Inmediatamente una bandada de gorriones se precipitó a comer los tiernos
granos. Fabricio sintió un alivio. Al menos las buenas acciones también eran
tenidas en cuenta en aquel inesperado careo, y ésas sobraban en su vida,
consagrada al trabajo, a la sociedad y la familia. Sin embargo, no había
terminado de redondear sus conclusiones, cuando el adolescente extrajo un
tirapiedras de su bolsillo trasero, le colocó una piedra en la badana, apuntó
al blanco, y un bultico de plumas cayó al suelo, con sus patitas temblando en
su cruce hacia la muerte.
Esta vez Fabricio no espero por la
pregunta.
—Odiaba los gorriones —dijo, y se
consoló pensando que todo el mundo mató algún pájaro en su vida, no obstante la
imagen del avecilla no terminaba de salir de su conciencia.
Fabricio empezó a agitarse. Si
aquella era la montaña de las faltas leves, no quería verse ante las ocho
restantes. Sus pecados leves eran pocos, pero ya no estaba tan seguro de haber
sido un hombre de bien. Trató de recordar malas acciones, atropellos, eventos
crueles de su lejana juventud, infidelidades, egoísmos, traiciones; injusticias
cometidas en su etapa de dirigente, con medio centenar de subalternos sobre los
cuales caía su indolencia, su ira o su incapacidad. Se acordó de sus placeres,
de Elena, su primera secretaria, y luego de Rosita y de Isabel, esta última
casada y con dos hijos, uno de los cuales sospechaba que era suyo. Por primera
vez se cuestionó haber sido buen hijo, buen padre, buen esposo. Aquí no podía
valerse del discurso patriótico y achacarle sus descuidos a su consagración al
interés común de la nación. Su vida entera estaba allí, en esa especie de cinta
de vídeo: el mundo bajo la oculta cámara de Dios.

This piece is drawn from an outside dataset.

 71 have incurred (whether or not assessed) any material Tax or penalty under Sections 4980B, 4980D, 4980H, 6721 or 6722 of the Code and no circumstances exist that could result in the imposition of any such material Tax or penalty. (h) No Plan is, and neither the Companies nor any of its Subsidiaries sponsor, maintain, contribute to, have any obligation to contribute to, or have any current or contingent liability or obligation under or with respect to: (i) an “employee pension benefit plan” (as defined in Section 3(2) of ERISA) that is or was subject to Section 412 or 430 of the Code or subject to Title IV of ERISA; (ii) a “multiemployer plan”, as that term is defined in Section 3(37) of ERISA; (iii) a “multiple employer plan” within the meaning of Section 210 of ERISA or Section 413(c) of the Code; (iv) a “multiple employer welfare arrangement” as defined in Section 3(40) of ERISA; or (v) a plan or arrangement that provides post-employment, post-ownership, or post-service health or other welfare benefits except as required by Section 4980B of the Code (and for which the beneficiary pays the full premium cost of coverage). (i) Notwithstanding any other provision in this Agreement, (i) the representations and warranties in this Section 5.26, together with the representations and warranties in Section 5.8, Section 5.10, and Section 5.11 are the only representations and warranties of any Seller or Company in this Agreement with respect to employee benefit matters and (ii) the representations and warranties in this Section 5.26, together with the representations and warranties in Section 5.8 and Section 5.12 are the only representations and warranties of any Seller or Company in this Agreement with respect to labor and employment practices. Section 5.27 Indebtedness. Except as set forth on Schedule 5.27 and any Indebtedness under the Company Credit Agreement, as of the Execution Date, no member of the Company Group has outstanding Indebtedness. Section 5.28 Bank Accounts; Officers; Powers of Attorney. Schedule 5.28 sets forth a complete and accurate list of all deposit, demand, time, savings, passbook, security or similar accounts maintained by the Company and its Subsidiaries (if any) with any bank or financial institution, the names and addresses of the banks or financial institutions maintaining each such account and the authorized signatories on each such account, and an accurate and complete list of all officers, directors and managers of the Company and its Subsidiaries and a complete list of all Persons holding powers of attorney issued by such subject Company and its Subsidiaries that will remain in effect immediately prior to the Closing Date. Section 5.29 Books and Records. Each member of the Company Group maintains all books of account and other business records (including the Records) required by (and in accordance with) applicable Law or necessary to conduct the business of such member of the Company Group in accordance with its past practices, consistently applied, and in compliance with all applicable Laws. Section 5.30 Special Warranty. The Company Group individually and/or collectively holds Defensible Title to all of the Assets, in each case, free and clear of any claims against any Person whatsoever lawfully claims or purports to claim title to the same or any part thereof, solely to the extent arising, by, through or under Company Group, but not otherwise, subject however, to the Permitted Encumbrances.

Fabricio estaba ya horrorizado. Si
hubiera tenido sangre podía decirse que se le había helado hasta el último
glóbulo rojo. Un terror primitivo, anónimo, se había instalado en su conciencia,
y su cuerpo comenzó a temblar. La joven movió el puntero como quien descorre la
apariencia del mundo y surgió un cementerio, a la luz del mediodía. La gente
bajaba un cadáver entre suspiros y lamentos de los familiares. El ataúd retumbó
en el fondo de la fosa con su sonido de cosa hueca, como la propia cáscara del
muerto. Fabricio reconoció a su esposa Lucrecia, enjugándose las lágrimas.
Cuando volvió la vista hacia la
joven, ésta le tendió los brazos.
—Ven, amor, lava en mí tus pecados,
antes que pases a la segunda montaña —dijo, con un brillo increíble en la
mirada; pero Fabricio estaba crispado, como si hubiera visto el mal, en su
estado más puro. Hizo un acopio de todas sus fuerzas y, antes que ella pudiera
reaccionar, saltó a la fosa, al ataúd, y
se metió dentro de su cadáver. Cuando los primeros puñados de tierra cayeron
contra la superficie del cristal, comprendió que había sido un estúpido; pero
se sintió seguro, protegido. Había llegado puntualmente a su sepelio.